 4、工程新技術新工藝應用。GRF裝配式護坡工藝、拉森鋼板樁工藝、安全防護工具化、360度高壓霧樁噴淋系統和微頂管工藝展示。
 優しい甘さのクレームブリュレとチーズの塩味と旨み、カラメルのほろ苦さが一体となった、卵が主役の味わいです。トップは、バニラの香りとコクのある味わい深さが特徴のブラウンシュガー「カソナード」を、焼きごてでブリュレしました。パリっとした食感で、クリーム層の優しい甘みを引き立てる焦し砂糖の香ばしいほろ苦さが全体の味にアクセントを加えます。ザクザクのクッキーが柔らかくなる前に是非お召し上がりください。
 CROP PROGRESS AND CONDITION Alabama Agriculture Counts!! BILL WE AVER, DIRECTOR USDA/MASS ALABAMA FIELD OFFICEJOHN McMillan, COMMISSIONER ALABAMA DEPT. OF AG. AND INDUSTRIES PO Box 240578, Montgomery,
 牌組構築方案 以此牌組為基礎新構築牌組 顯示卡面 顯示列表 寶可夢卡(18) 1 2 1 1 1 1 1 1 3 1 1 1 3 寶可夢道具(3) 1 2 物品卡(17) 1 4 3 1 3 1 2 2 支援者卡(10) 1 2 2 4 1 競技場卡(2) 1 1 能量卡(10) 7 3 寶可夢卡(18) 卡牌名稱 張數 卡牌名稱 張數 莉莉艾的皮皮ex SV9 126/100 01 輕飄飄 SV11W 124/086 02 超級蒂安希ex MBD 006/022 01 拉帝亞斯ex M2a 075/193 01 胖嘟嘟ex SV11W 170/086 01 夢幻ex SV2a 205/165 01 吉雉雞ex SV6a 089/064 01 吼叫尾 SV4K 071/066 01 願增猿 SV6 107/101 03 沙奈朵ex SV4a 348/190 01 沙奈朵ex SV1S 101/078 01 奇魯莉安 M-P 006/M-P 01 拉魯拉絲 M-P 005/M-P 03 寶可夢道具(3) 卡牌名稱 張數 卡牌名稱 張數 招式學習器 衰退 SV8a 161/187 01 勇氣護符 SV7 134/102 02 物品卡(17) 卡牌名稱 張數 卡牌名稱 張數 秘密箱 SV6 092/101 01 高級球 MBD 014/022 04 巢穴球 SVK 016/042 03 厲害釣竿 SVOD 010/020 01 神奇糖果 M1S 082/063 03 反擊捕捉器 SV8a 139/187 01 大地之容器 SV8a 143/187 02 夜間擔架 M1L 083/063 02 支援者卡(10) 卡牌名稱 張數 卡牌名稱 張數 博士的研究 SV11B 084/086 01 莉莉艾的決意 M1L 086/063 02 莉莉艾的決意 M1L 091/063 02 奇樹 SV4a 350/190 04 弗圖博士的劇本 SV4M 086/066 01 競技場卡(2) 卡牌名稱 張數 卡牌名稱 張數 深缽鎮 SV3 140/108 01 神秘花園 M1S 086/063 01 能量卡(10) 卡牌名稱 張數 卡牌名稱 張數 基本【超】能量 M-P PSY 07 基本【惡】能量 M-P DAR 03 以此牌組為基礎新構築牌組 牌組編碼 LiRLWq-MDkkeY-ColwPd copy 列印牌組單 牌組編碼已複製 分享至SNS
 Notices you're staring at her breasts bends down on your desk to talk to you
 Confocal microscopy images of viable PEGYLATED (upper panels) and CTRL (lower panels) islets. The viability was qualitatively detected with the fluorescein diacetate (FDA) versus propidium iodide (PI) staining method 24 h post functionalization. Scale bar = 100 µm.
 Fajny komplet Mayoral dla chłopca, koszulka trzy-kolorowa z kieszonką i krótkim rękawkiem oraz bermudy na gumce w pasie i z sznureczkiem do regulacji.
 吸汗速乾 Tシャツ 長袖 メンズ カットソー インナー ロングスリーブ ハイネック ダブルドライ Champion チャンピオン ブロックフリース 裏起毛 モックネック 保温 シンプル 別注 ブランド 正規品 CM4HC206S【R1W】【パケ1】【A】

·····

● Work order:
Quote verbatim the opening lines of the listing above, ending with the line where "CROP PROGRESS AND" appears; include both endpoints and nothing more.

● Answer to the exercise:
 4、工程新技術新工藝應用。GRF裝配式護坡工藝、拉森鋼板樁工藝、安全防護工具化、360度高壓霧樁噴淋系統和微頂管工藝展示。
 優しい甘さのクレームブリュレとチーズの塩味と旨み、カラメルのほろ苦さが一体となった、卵が主役の味わいです。トップは、バニラの香りとコクのある味わい深さが特徴のブラウンシュガー「カソナード」を、焼きごてでブリュレしました。パリっとした食感で、クリーム層の優しい甘みを引き立てる焦し砂糖の香ばしいほろ苦さが全体の味にアクセントを加えます。ザクザクのクッキーが柔らかくなる前に是非お召し上がりください。
 CROP PROGRESS AND CONDITION Alabama Agriculture Counts!! BILL WE AVER, DIRECTOR USDA/MASS ALABAMA FIELD OFFICEJOHN McMillan, COMMISSIONER ALABAMA DEPT. OF AG. AND INDUSTRIES PO Box 240578, Montgomery,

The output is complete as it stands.